TOM's 34 year-old CEO and Founder, Blake Mycoskie, who prefers to go by his official title, Chief Shoe Giver, has been an entrepreneur since his childhood days. With TOMS, he wanted to build a sustainable company that could be a force for good in the world. But TOMS is a for profit company (although the company briefly experimented with a not-for-profit that has since disbanded). The company has a first class design team, a customer service team, a marketing department, and every other function any other company in the fashion industry would have.

While TOMS is a private company and doesn't disclose its financials, they have been growing rapidly. Now four years after they launched, with only a big idea and a small band of loyal staff members, TOMS employs over 100 people and has outgrown their offices several times, and, of course, they've sold over 1 million pairs of shoes. This growth is what could be most exciting about TOMS. In the much buzzed about social business space, very few companies have demonstrated both measures of having achieved real, measurable social impact and enjoyed substantial financial success. TOMS may be one of the best models for social and business success, which makes them a particularly interesting and important company to watch.

Business is changing before our very eyes; that's what I saw in Argentina as volunteers on behalf of TOMS put the shoes on the feet of children who had never had a pair of shoes in their lives. This didn't feel like something a for profit business was organizing. It felt more like an experience with an NGO or the Peace Corps, yet this whole trip was made possible by a private shoe company. What's more, TOMS doesn't show up once with a splashy event and never follow-up. Part of their work is to build real continuity and sustainability into their program.
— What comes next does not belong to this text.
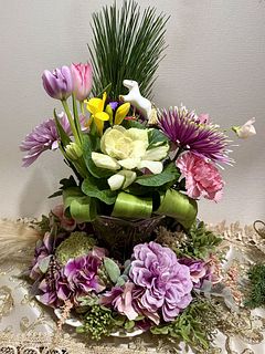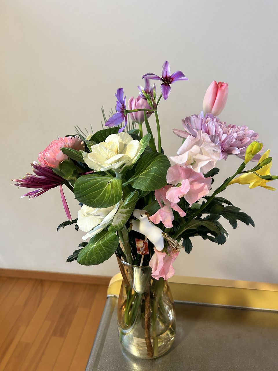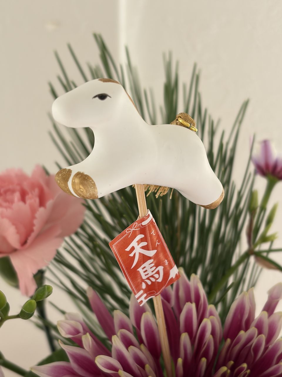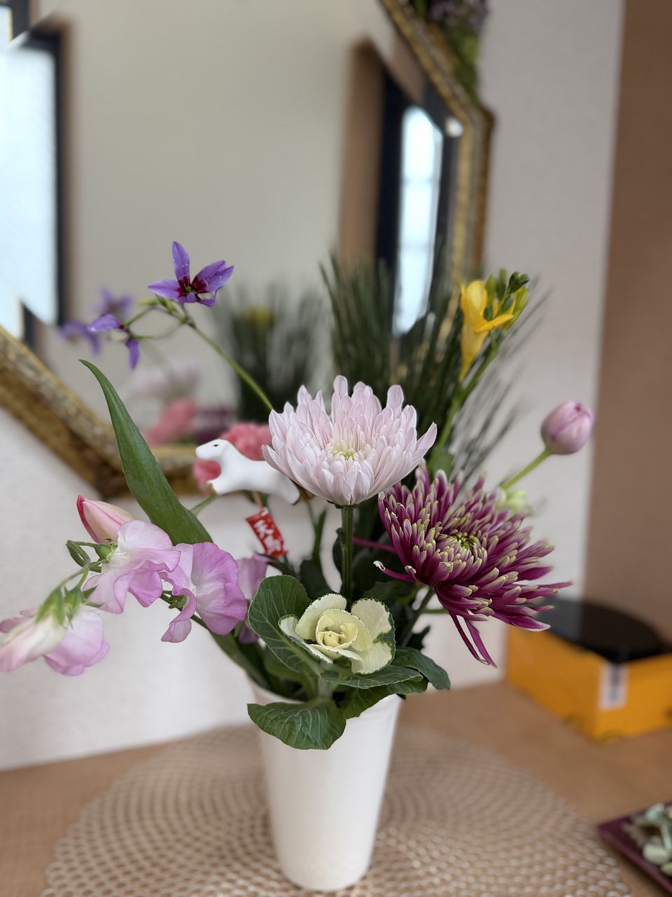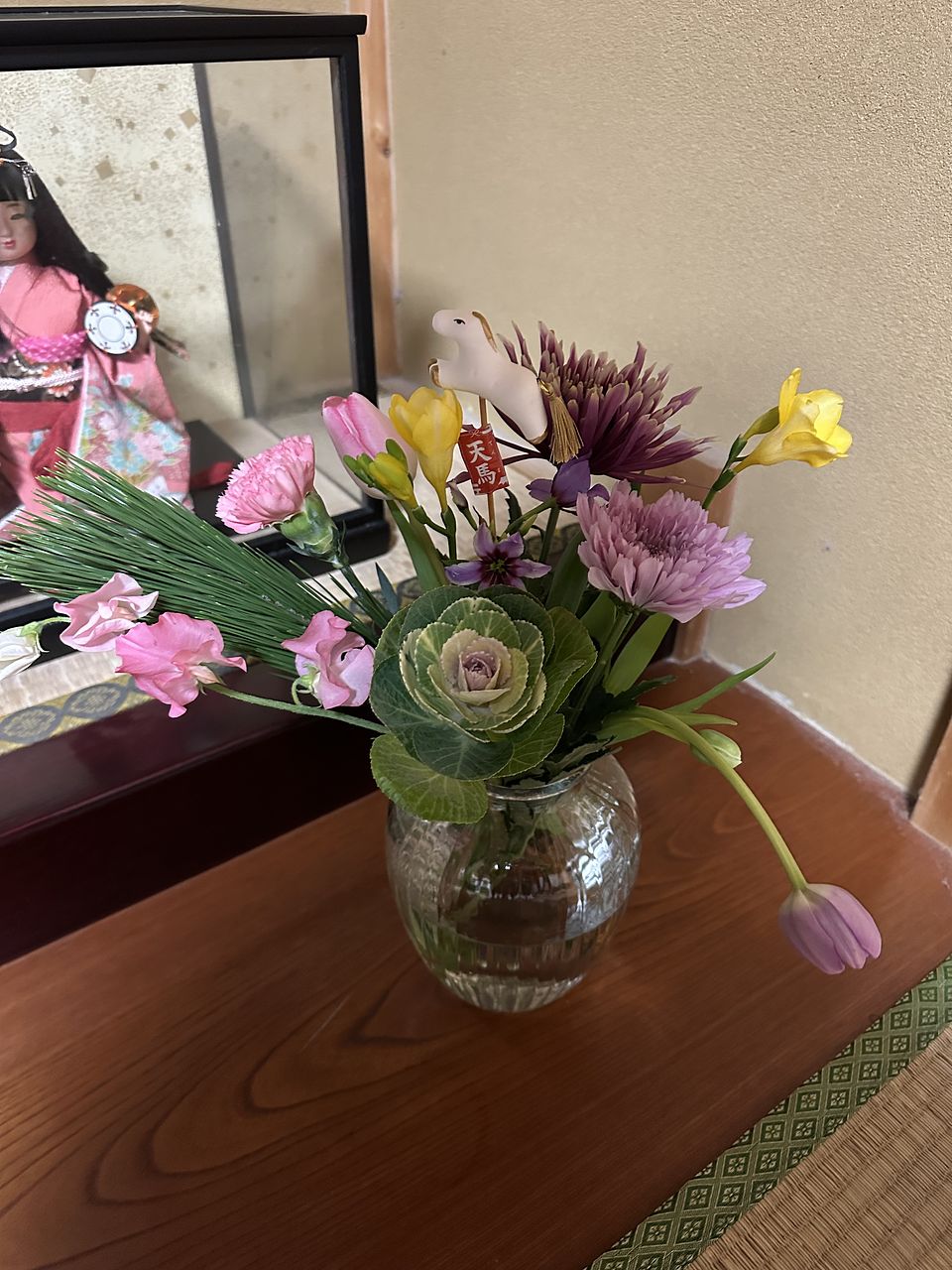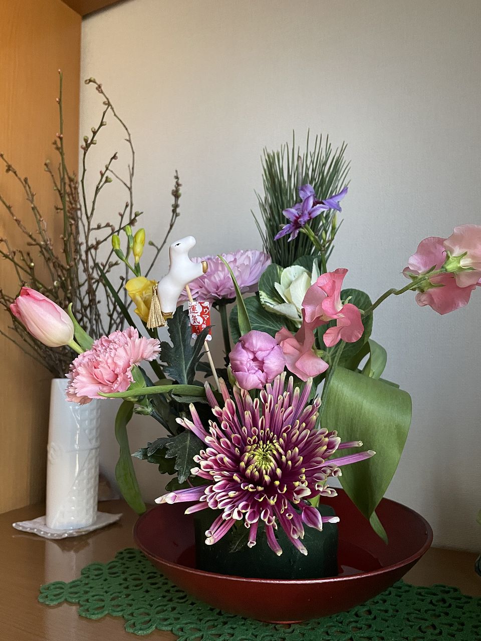 一般的な組み合わせではなく、華やかなマムとチューリップ、フリージアなどで素敵です。馬さんがお正月感を出してくれて良いです♪

They routinely go back to many of the same villages and towns to provide new shoes to replace the worn-out ones. (I'll be following up shortly with a more detailed account of a shoe drops so you can get a real sense of the experience.)

This is what I call 21st Century Capitalism. It's what more and more businesses will look like in the years to come. Businesses that do good and do well. People in my generation -- the millennial generation -- are creating these kinds of business and the same generation is creating demand for these kinds of companies. We're saying that it's no longer enough for companies to maximize their profit without a concern for the world, and we're also saying it's time to up the ante on how much social good a company can do and should be expected to do -- beyond the usual, well-accepted, and always needed charity and philanthropy work.
Is TOMS too good to be true? After all, many believe business can never be a force for true social change, because ultimately, the desire to increase profit will take precedence over most other factors. And TOMS itself still has many tests of time ahead of it. But it is clearly on a very important and positive track.

Millennials want to wear "awareness," dressed in their Project (RED) t-shirt that supports aid to Africa, with their FEED bag across their shoulder that supports ending world hunger, and their TOMS shoes on their feet. We aren't naïve enough to believe that simply wearing causey clothing will change the world, but it's a way of becoming the change we'd like to make in the world. These are the kinds of companies we will support, and the kind we will start. It won't change the world overnight, but in the next few decades, the world of 21st century capitalism that TOMS epitomizes is likely to change the nature of business, and even more importantly, the realities of our world.